Quality of health data, why it’s important?
Introduction
On March 10, a respected peer-reviewed medical journal, the Lancet, published Spain’s child COVID mortality rate as being between two and four times that of the US, UK, Italy, Germany, France, and South Korea. The paper said that 54 children (defined as below age 19) had died of COVID in that country, making Spain’s reported death rates a staggering 4,9 percent for kids aged 10-19, which is at least 2,92 percentage points higher than other countries in the report.
A subsequent re-examination of the information revealed that, in reality, only seven children had died of COVID. The main issue was that patient deaths for those over 100 were recorded as children. The system could not record three-digit numbers, and so instead registered them as one digit.
For example, a 102-year-old was registered as a 2-year-old in the system. So all centenarian deaths were misreported as children. This inflated the child mortality rate substantially. Because of this software problem, problems were introduced impacting on the quality of the data. Especially when this data would be reused to foster innovation and research towards COVID.
This is just one example that shows us the importance of data quality in healthcare. Our healthcare setting is changing into a data-driven environment, where healthcare data can come from diverse sources and can be of any type. This makes it easier for healthcare providers to access patients’ medical data and histories, improve patients’ care outcomes and reduce medical errors. But what if this data is of poor quality, for example, if the data is incorrect, incomplete or not updated? This will have a direct impact on patient safety and quality of care.
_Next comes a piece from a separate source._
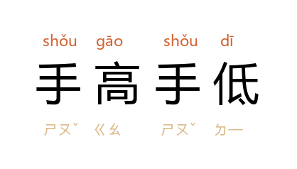 注音ㄕㄡˇ ㄍㄠ ㄕㄡˇ ㄉ一
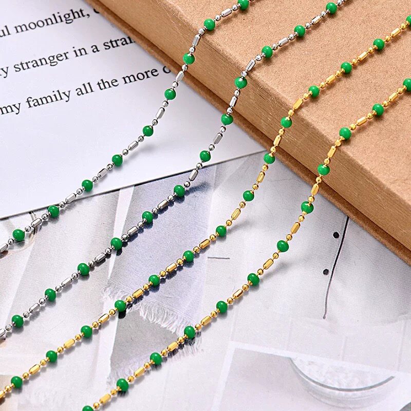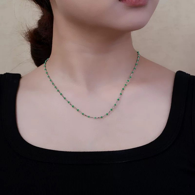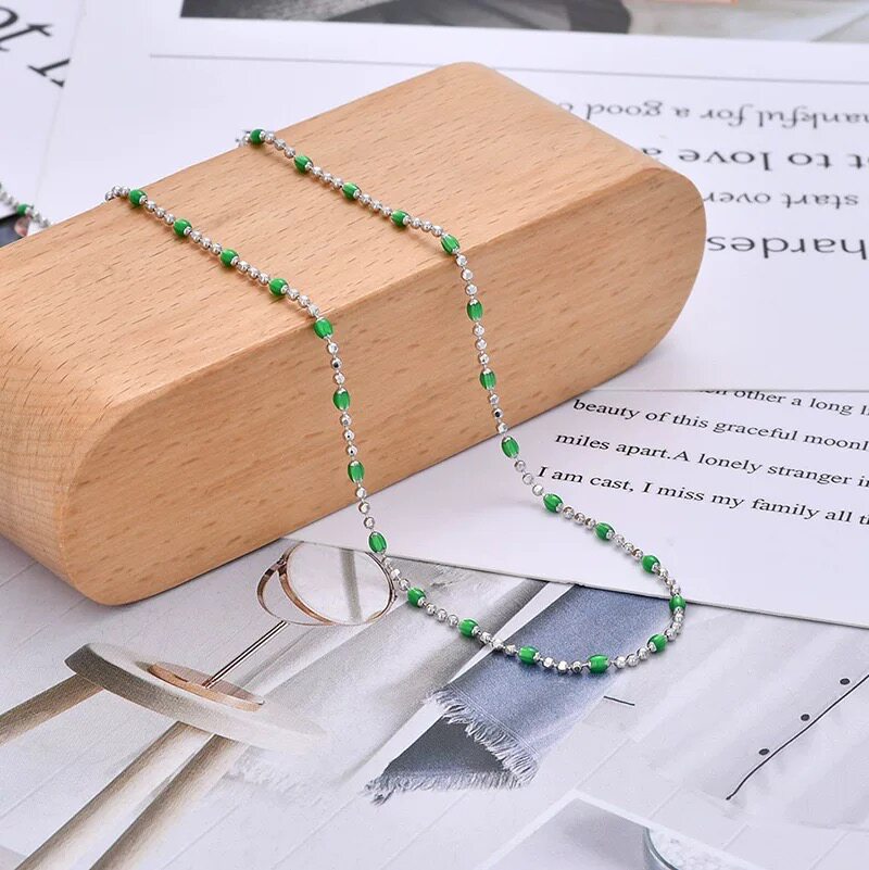 新款时尚设计感项链绿竹节银925链子银白色圆珠链万能链生日礼物

Data Quality, a Dynamic Complexity
Data quality is about having confidence in the quality of the data that you record and the data you use. For this data to be utilizable, it has to meet some fundamental requirements. For example, in order to assure that the data is of high quality, the data has to be complete, correct, up-to-date, consistent, reliable,… We call these, data quality dimensions. We will need to assess these different dimensions before concluding if the data is of high quality. Achieving the complexity of these requirements involves the management and education of people, processes, policies, technology and standards. It is important to realise that there is not just one person responsible for obtaining high-quality health data. It is the responsibility of all stakeholders within the healthcare ecosystem to participate in this data quality effort.
Data quality is defined within the context of different user requirements that often needs to be redefined over time or over different projects or evidence based decisions. Because of this dynamic construct, we can not expect that a sufficient level of data quality will last forever. Therefore, the quality of clinical data should be regularly assessed and reassessed in an iterative process to ensure that appropriate levels of quality are sustained in an acceptable and transparent manner. That is why we call data quality, a dynamic complexity. An ever-changing requirement that needs to be redefined over time and over different projects.
Why is Data Quality important?
In any healthcare organization, it is critical that the importance of data quality be properly explained. From management and patient perspective to the healthcare providers, a sensible and understandable rationale must be given in order to obtain active participation in the data quality journey. Using high-quality data will provide many healthcare quality and research benefits;
– Reduce medical errors
– Better informed decision making
– Better patient-physician relationship
– Efficient patient service and improve patient care outcomes
– Advance risk and disease management
– Higher profitability
– Improve clinical research (secondary use of the data)
– Planning for the future.
– …
Health Data Forum Global Summit 2022
In collaboration with Health Data Forum and the University of Porto, The European Institute for Innovation through Health data (i~HD) is hosting a summit to demonstrate the importance of the quality of healthcare data. This summit will combine the different perspectives of data scientists, healthcare professionals, patients, and governance to provide you with in-depth knowledge regarding data quality. Whether for primary use or secondary use, data quality is a universal requirement. And the most important real-world data challenge. Because data without quality can neither contribute value nor serve any useful purpose.